Матушка не отвечала. Она вглядывалась в сад, а сама все скатывала и раскатывала фартук.
— Ах! — вздохнула матушка, — наконец (разглядывая бук, словно обращалась к дереву). — А дочка-то моя совсем от рук отбилась!
— Вовсе нет, - возразила я — что вы такое говорите! Поведайте, что гнетёт вас, дражайшая матушка.
Однако она не ответила, а принялась расхаживать по саду, жалуясь кустам шиповника, что девочка её выросла неблагодарной. Взывая к молоденьким апельсиновым деревцам, матушка сетовала, что дочь её не любит свою мать.

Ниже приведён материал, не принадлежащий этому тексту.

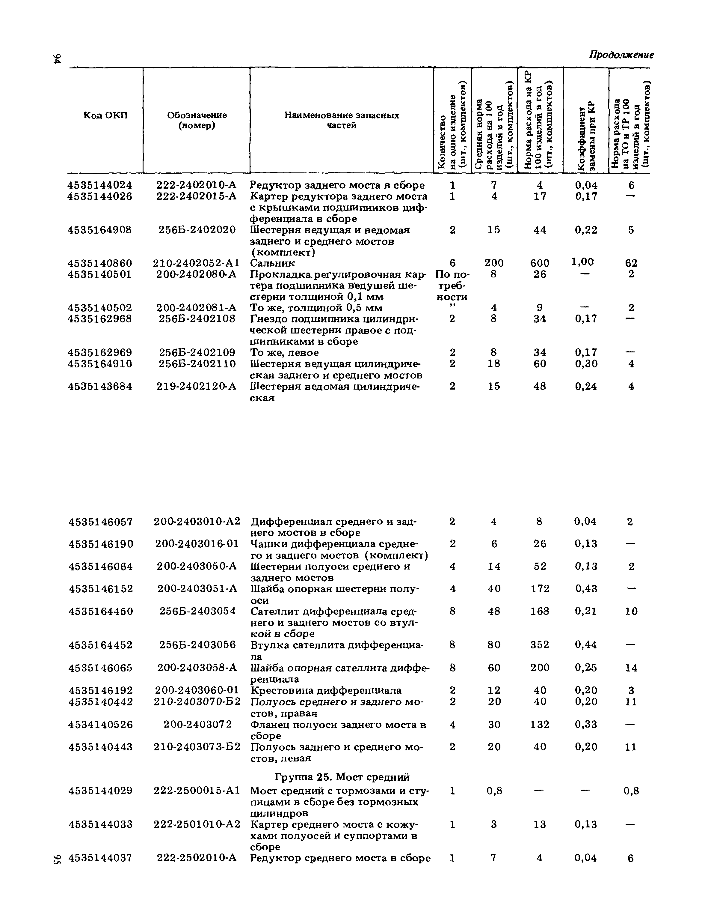 карданные Группа 24. Мост задний Группа 25. Мост средний Группа 27.
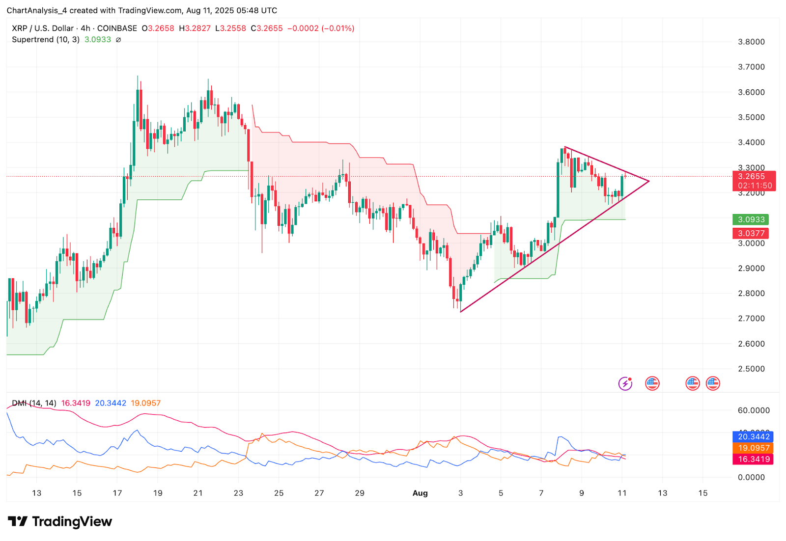 The XRP price today is $3.277 after a steady rebound from last week’s pullback off the $3.6656 peak. On the daily Smart Money Concepts view, $3.6656 is marked as a weak high with liquidity parked above it. Price found a firm bid at $3.0933, the point where the 4 hour Supertrend flipped bullish, and it continues to trade above the $3.09 demand zone that formed during July’s breakout.
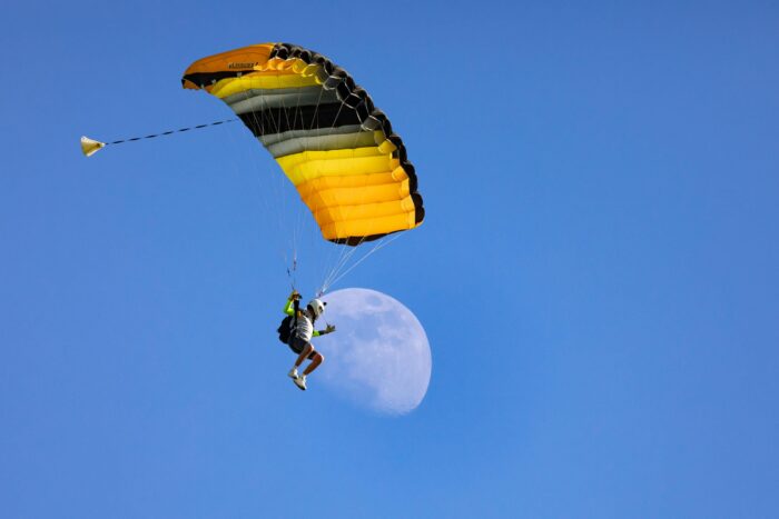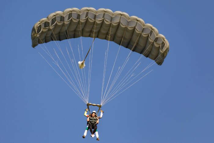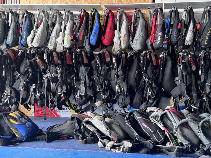 Szkolenia spadochronowe AFF odbywają się z wykorzystaniem spadochronów PD Navigator oraz NzAerosports Student o rozmiarach dostosowanych do wagi studenta.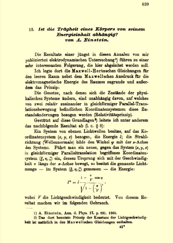 - Einstein, Albert. (1905). "Ist die Trägheit eines Körpers von seinem Energieinhalt abhängig?" [Does the Inertia of a Body Depend Upon Its Energy Content?]. Annalen der Physik. 18 (13): 639–641.

— Ах, матушка! — воскликнула я. — Зачем вы заставляете меня ссориться с вами? Отчего не желаете сказать, что случилось?
Матушка закрыла лицо фартуком и жалобно зарыдала, затем внезапно отняла фартук от лица.
— Будь что будет! — воскликнула она (очевидно, обращаясь к каменному богу Юпитеру, который взирал на нее с изрядным презрением). — Помнишь ли ты тот день, когда старый доктор преставился, а я испекла пять пирогов, которые дочь моя съела до последней корочки?
— Ах, матушка! — воскликнула я. — И не надоест же вам браниться? Дались вам эти засохшие пироги!
— Нет уж, — отвечала она Юпитеру (словно статуя ей возражала). — Где это видано? Целых пять пирогов! Вот я и рассердилась, потому и сказала крошке Соломону Гранди и старушке Синешерстке (матушка имела в виду своих котов), так вот, я и сказала им, а дочка-то моя съела сегодня аж пять пирогов! Целых пять! Тут я подняла глаза и увидала этого красавчика сэра Джона Соурестона. Он был верхом на своей любимой лошадке — сладкий, точно маслице! А сэр Джон возьми, да и на Гиблом холме спроси меня: «О чем это вы толкуете, миссис Слопер?» Мне ли было не знать, что сэр Джон Соурестон положил глаз на мою дочку и что он высматривает ее сквозь заросли бузины? Что же мне было делать, признаваться, что дочка моя съела целых пять пирогов? Вот я и придумала сказать, будто дочка сегодня напряла пять мотков пряжи…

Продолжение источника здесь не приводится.